Dec 03 2013
On Unreality, we feature Disney Princesses practically every other damn day because there seems to be an infinite amount of fan art/redesigns/costumes/etc. based on the childhood characters most of us grew up with. But rarely do we ever actually see a new Disney Princess movie, maybe one every few years at most.
Disney has been determined not to let its princess roots wither, even though Pixar is now their main moneymaker when it comes to animated films. A few years ago they went back to traditional animation for The Princess and the Frog, and made the leap to CGI with the shockingly great Tangled. Frozen is yet another new era princess tale, this time with two princesses for the price of one.

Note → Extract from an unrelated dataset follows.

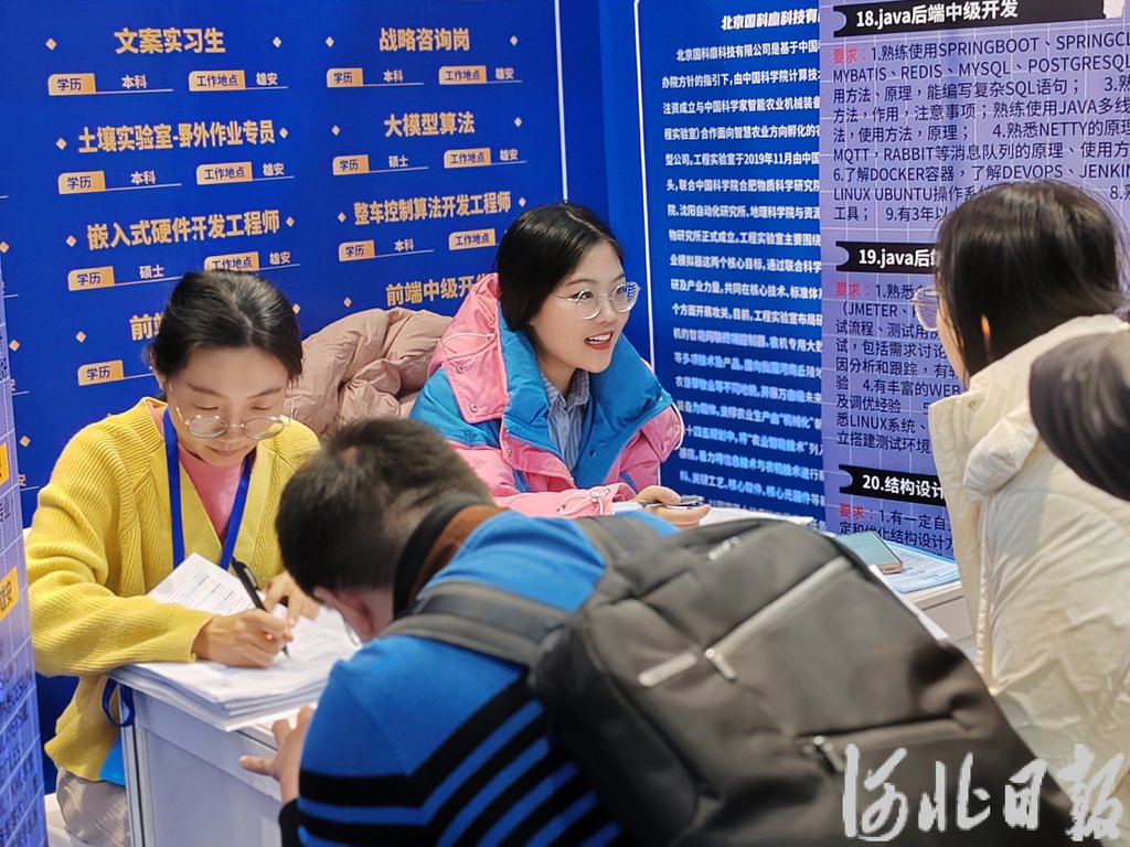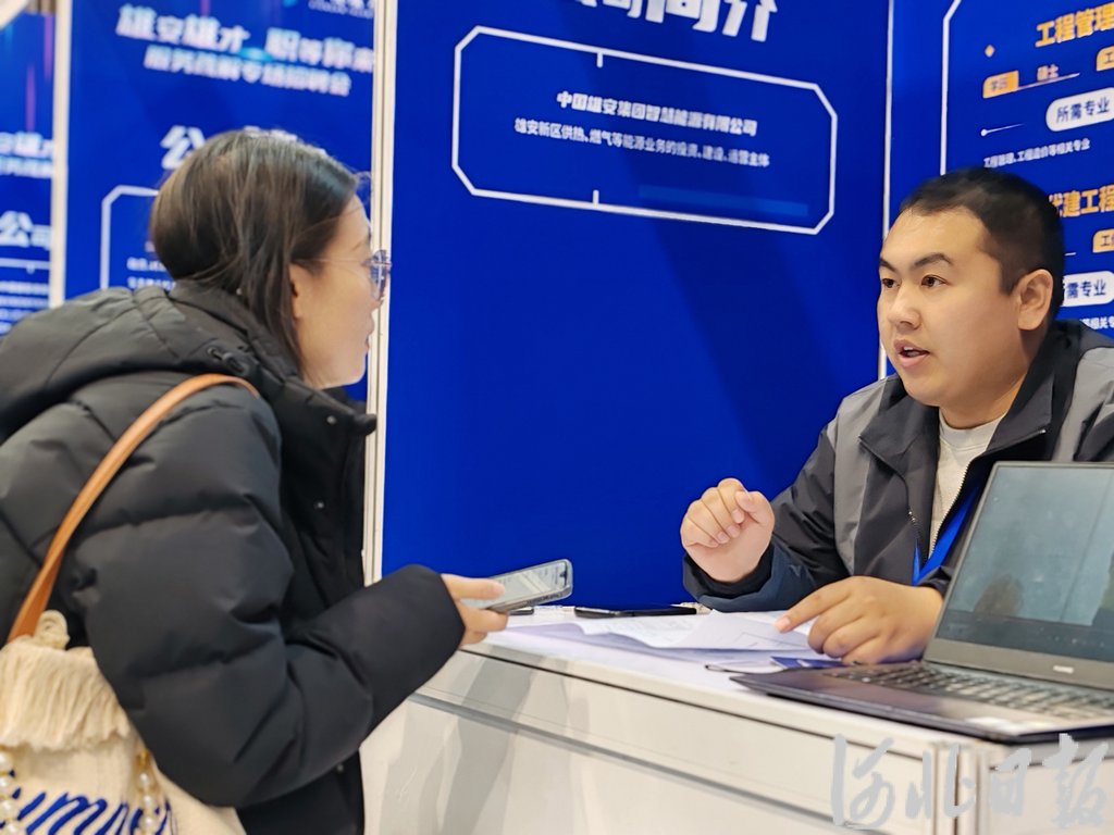 招聘会上,雄安新区党群工作部工作人员向毕业生宣讲了雄安的建设发展、产业布局、人才政策等。来自北京化工大学的硕士毕业生邵建亮一边听讲,一边认真记录。“听完宣讲,我对雄安更加向往了。”他说,自己学的是化学与人工智能交叉学科,得知雄安人工智能产业蓬勃发展后,内心颇感振奋,感觉雄安是一片能够成就梦想的广阔天地。

The story is bits and pieces of fairy tales strung together into a simple, but enjoyable narrative. Two sisters are orphaned when their parents, the king and queen are lost at sea. Anna loves her older sister Elsa, but as they grow up, Elsa remains locked in her room, refusing to ever come out and play. Anna doesn’t remember, but it’s not because Elsa is some sort of batty shut-in, it’s because when playing in their youth, she accidentally almost killed Anna with her uncontrollable ice powers.
Anna had her life saved by forest trolls, but was forced to forget all about her sister’s powers, and grows up feeling rejected with no explanation. The gates of the city remain locked so Elsa doesn’t accidentally freeze the whole city.
Until she does.
On her coronation day, Elsa loses her cool when Anna announces she’s getting engaged to a visiting prince she just met. Elsa flees to the mountains and creates a brutal storm that buries the entire countryside in ice and snow. Anna puts her new fiancee in charge of the town while trekking across the frozen landscape to talk some sense into her sister, and discovers she needs the mountain climbing aid of traveling ice salesman, Kristoff, and his reindeer pal.
It’s a little frustrating to see Anna immediately fall into every dumb princess trope in existence within the first ten minutes of the movie. The second the gates open, she’s dancing around the halls, ecstatic that some man might come and sweep her off her feet. When he does just that, she turns into a clumsy doofus, because everyone knows you can’t be pretty and poised at the same time. You have to trip over things.
Eventually the film moves out of this rut and the story becomes about the relationship between the two sisters, with the love story taking somewhat of a backseat. Like Tangled, the film goes back to the Disney roots of having musical numbers, but there are few memorable songs to be sung. The best sequence of the movie, however, is one where Elsa sings as she assembles a palace of pure ice all around her.
If there’s a star of the show here, it’s the animation team who has produced absolutely incredible ice and snow effects to the point where the film is practically a tech demo for how far computer animation has come. The film is gorgeous, it’s just that the story is only so-so.
Anna’s banter with Kristoff is funny, and I actually liked Josh Gad voicing a snowman named Olaf who blissfully looks forward to summer, unaware of what heat does to snow (a character who looked to be irritating in the trailer). But with that said, the final product is a lot rougher than Tangled. That film flowed while this one stutters at times. The finale has a plot twist that’s fairly predictable, but works well enough for the story, I suppose. I thought they were going in a different direction with how summer might return to the land, and I think the resolution could have been thought through a bit better.
Frozen is certainly enjoyable. It’s really damn hard not to like charming little movies like this full of wide-eyed cute characters and plots designed to be heartwarming. But some are better than others, and Frozen’s biggest attraction is its animation, not its story.